Poem -Space Cake, Amsterdam – Yuyutsu Sharma

“Don’t panic,” they said, 

remain cool like your Krishna, 

meditate maybe like Buddha, 

uttering ‘Om Mani Padme,’ jewel in the lotus, 

or lie down and relax 

like Vishnu on the python-bed 

to float on the ocean’s currents, 

buoyant on the invisible thread 

of your breath in slow motion… 
Millions of cats prowled around me. 

Smoke from shared sex 

and hashish joints stung my eyes. 

Unsettling tongue 

of an awkward fire fed my stomach. 

I skidded queasily towards 

towards the formidable edge, 

unknown ominous frontiers of human life… 
They laughed a secret laugh 

behind my back – “Isn’t it crazy that 

this man from Kathmandu should get stoned 

from a piece of space cake in Amsterdam?” 
“Don’t be serious, laugh, 

celebrate the flame of life!” a woman’s voice said. 

“Hold my hand; I can imagine 

you are alone on this trail. 

I’v been there once,” she whispered. 

Her tongue curled like a dry leaf in my ear 

and crackled “How much did you take, 

just a piece? I took thirty-eight grams once, 

It can be crazy if you don’t know it’s coming. 

Just don’t worry too much. 

Don’t lose your control over things. 

You can kiss me if you like, 

You can pat my back, 

tickle my belly or stroke my breasts 

for a while, if it comforts you. 

Sometimes it can be heavenly, 

this licking the rim of the forbidden frontiers of human life. 
“That’s what he wants, that’s exactly 

what he’s looking for,” a voice leered far off. 

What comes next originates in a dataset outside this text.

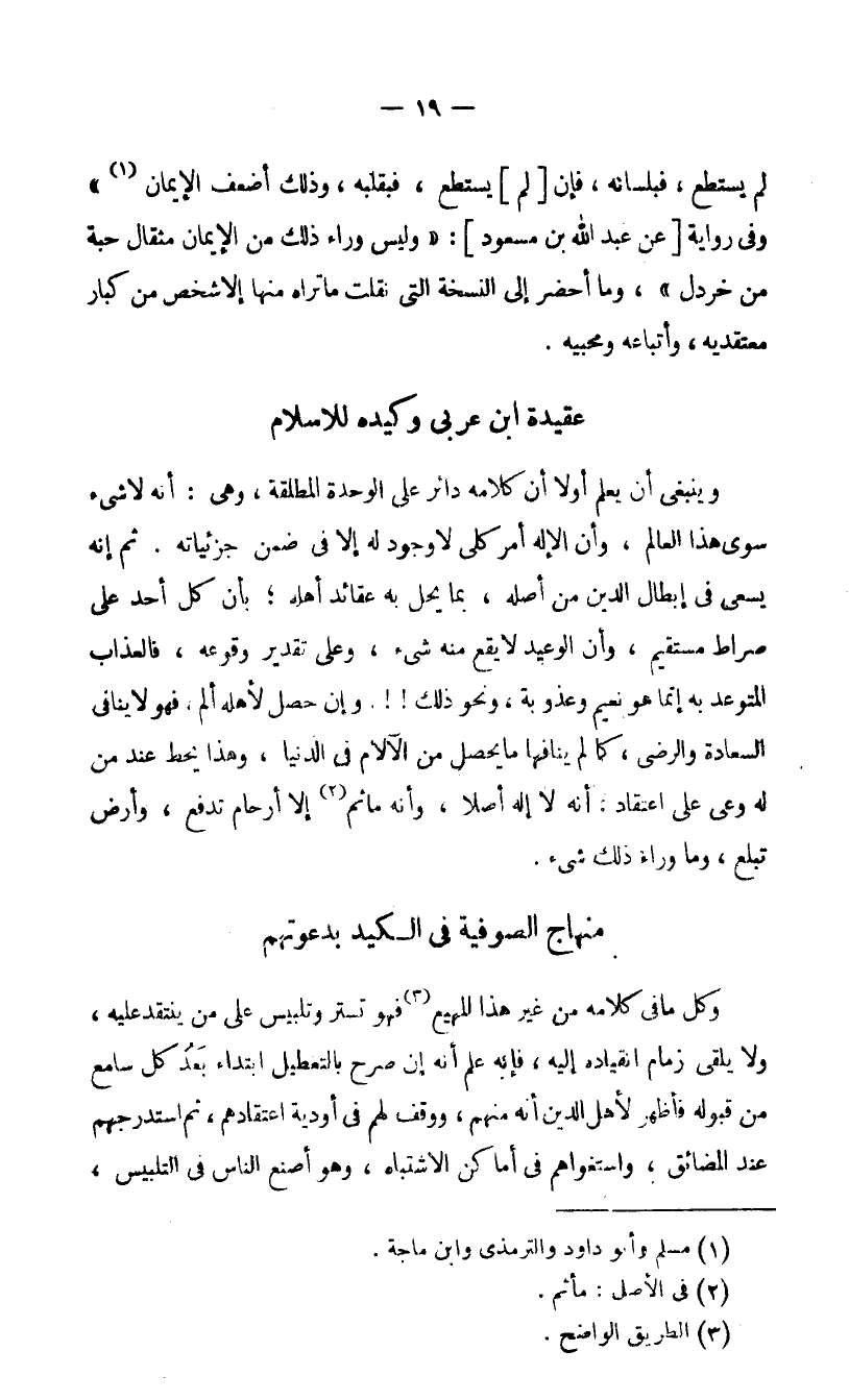 لم يستطع، فبلسانه، فإن [لم] يستطع، فبقلبه، وذلك أضعف الإيمان1" وفي رواية [عن عبد الله بن مسعود] : "وليس وراء ذلك من الإيمان مثقال حبة من خردل" وما أحضر إلى النسخة التي نقلت ما تراه منها إلا شخص من كبار معتقديه، وأتباعه ومحبيه.

“But I have to go ultimately, 

I’ve a man waiting at home for me.” 
“Maybe read a poem of yours,” 

someone said. My heart raced wild 

and I heard some-girls gossip in the next room— 

What if he gets sick in Europe? 

Don’t we get sick in Asia? 

“Just take it easy,” another voice echoed 

“You won’t go psychotic. Remember one thing, 

whatever happens, you can always make a comeback.”

Faces of my dear ones veered past my face. 

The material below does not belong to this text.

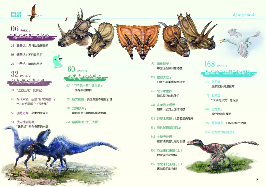 通过本增刊,你还能看到人类两百年来对恐龙的认知变迁,以及翼龙、鱼龙、蛇颈龙、沧龙、鳄类等与恐龙同时代的“龙族伙伴”。

I felt delicate thread of my life 

slipping through my fingers 

“Hey man, it’s fine. Don’t worry too much.” 

My host shouted. “Drink lots of water.” 

Drink black tea or coffee,” a guest suggested. 

“Or take lots of orange juice.” 

“Maybe sing your favorite song,” a woman said. 

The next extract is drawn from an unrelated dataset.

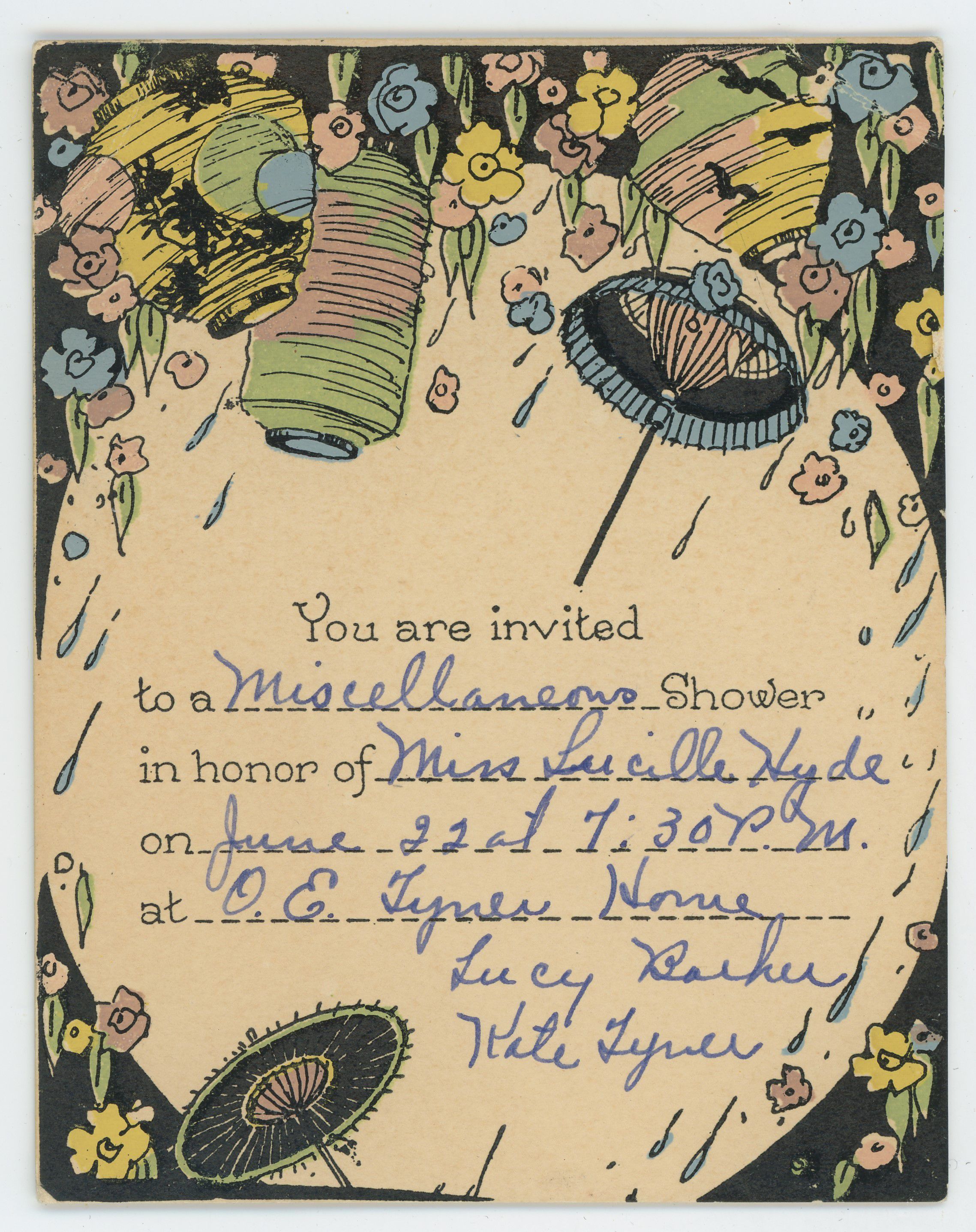 Wedding shower invitation given for Lucille Hyde of Kaysville.Context

“Or recite one of your Hindu mantras.” 

“Maybe stick your finger into your throat” 

another voice came sheepishly, “And throw up. 

You probably haven’t digested everything yet.” 
Questions came like wind slaps. 

“Can you tell me what they call boredom 

in your mother tongue? Do you remember 

your email account and password? 

Discuss your children, if you have any. 

Shall I bring my little daughter before you? 

Maybe you’d feel better then, 

seeing her brilliant eyes.” 
I imagined a child’s face and clung to it, 

like a penitent would hold onto 

a sacred cow’s tail in his afterlife, 

and slept on it, all through the river of blood… 
Hours passed by 

and then I heard someone say— 

What if he had freaked out? 

What if Death had stalked our house tonight? 
Hearing these words, I woke up 

knowing I’d come back, stepped on 

the familiar shores of life 

where Death’s feared, a distant distrustful thing. 

My drowse burst like a glacial that cracks 

from rumble of a seed of fire 

that explodes somewhere in earth’s deep sleep.